How should the new year be known?

This year will be the year that the cloud goes mainstream in financial services. Although businesses leveraging cloud-based models have upended incumbents in scores of other industries, it’s been slower coming in financial services.

There are several understandable reasons for that – security concerns, compliance questions, a general mindset that prized keeping things in-house, etc. – but those concerns and objections have all been overcome, in our opinion.

The cost, simplicity and usability benefits of the cloud are just too hard to ignore.
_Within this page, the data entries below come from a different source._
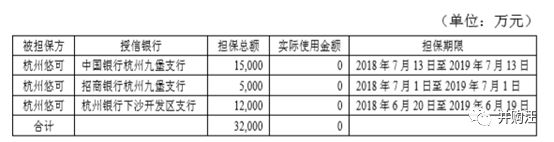 公司向杭州悠可提供了三笔连带责任保证担保,共计3.2亿元,具体明细如下: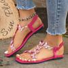 European and American New Butterfly Rhinestone Flat Bottom Square Head Fish Mouth Sandals Elastic Band Hollow Beach Cool Slippers Large Size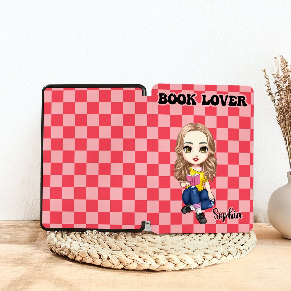 This Kindle cover features a checkerboard pattern as the base, cleverly combining colorful cartoon characters to satisfy diverse aesthetic preferences. Each character holds a book, adding a lively touch, while the phrase "BOOK LOVER" printed above showcases a passion for reading. Below, there's an option for a customized name, making each cover one-of-a-kind and a perfect expression of personal style.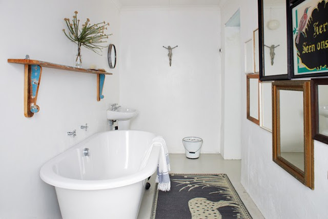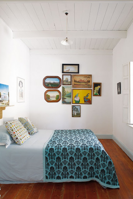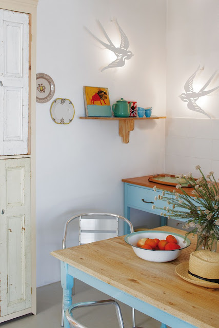Como una explosión de color se desdibuja esta vivienda, un tanto peculiar por su mezcla incesante de elementos y objetos que visten sus paredes como si de un museo de arte contemporáneo se tratara. No existen límites entre lo apto y lo no apto para el hogar, tan solo un derroche de alegría y de multiculturalismo que nos hace observarlo todo con detenimiento y una sensación de estar en mil lugares a la vez. Lo que más nos gusta, sin duda, es ese aire fresco que denota una sensibilidad especial: las sillas típicas de heladería combinadas con una mesa pintada en azul turquesa y con sobre de madera, mucho mobiliario retro y unos textiles llamativos que nos acercan a nuestra África querida.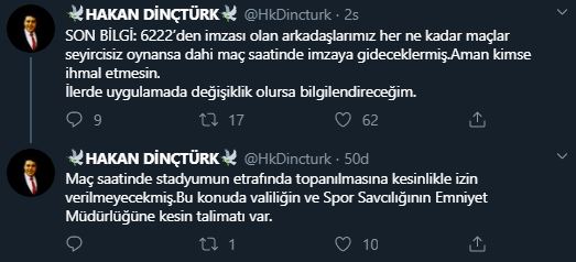 6222’den kaynaklı imzaların devam edeceği açıklanırken “Takıma uğurlama yapılmayacağı, maç saati herhangi bir toplu izleme organizasyonunun olmayacağı açıklandı.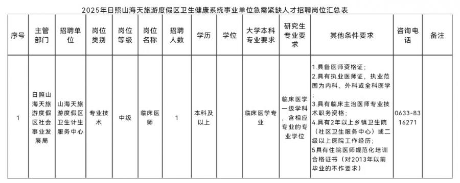 2025年度日照山海天旅游度假區(qū)衛(wèi)生健康系統(tǒng)事業(yè)單位公開招聘急需緊缺人才的崗位條件、招聘人數(shù)等具體要求見《2025年日照山海天旅游度假區(qū)衛(wèi)生健康系統(tǒng)事業(yè)單位公開招聘急需緊缺人才崗位匯總表》。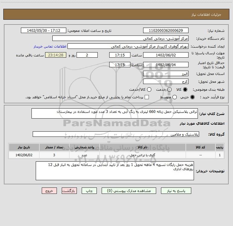 شرح کلی نیاز: ترالی پلاستیکی حمل زباله 660 لیتری به رنگ آبی به تعداد 3 عدد مورد استفاده در بیمارستان

In recent conversations with a significant buy-side firm, its CTO said they have gone from a situation a few years ago where they had to argue why they should use the cloud for specific projects, to now having to make a case for why they shouldn’t. That’s a massive change in only a few years, and I think it is indicative of the mindset we see with most of the firms with which we speak.

What do you see as the next major watershed for the industry?

From Uber threatening taxis to Casper waking up the mattress business, and Amazon replacing all kinds of brick and mortar retailers, technologically savvy newcomers up-ending the status quo is becoming a cliché.

Although consumer banking, payments, retail investment, and etc. have seen the encroachment of firms of this type, that has yet to happen in the capital markets. However in our opinion, those players are coming, and 2019 might very well be the year they manage to break through.

The foundational technology these newcomers run is built to scale. At their essence, they are very simple. Take Google, which is fundamentally a distributed, de facto operating system. Ten Google apps may do ten very different things, but the underlying technology is highly unified. This efficiency and unification have enabled the rapid ascent of these companies.

Although that is no doubt concerning for incumbents, it also represents a massive opportunity given the inherent advantages they have by being an established player in a market that is ultimately very difficult to break into. If the success of these tech-led firms has made one thing clear, it’s that getting the approach right early reaps giant rewards. In our opinion, the first bank to truly solve its legacy technology issues will grab market share and be positioned to succeed for many years to come.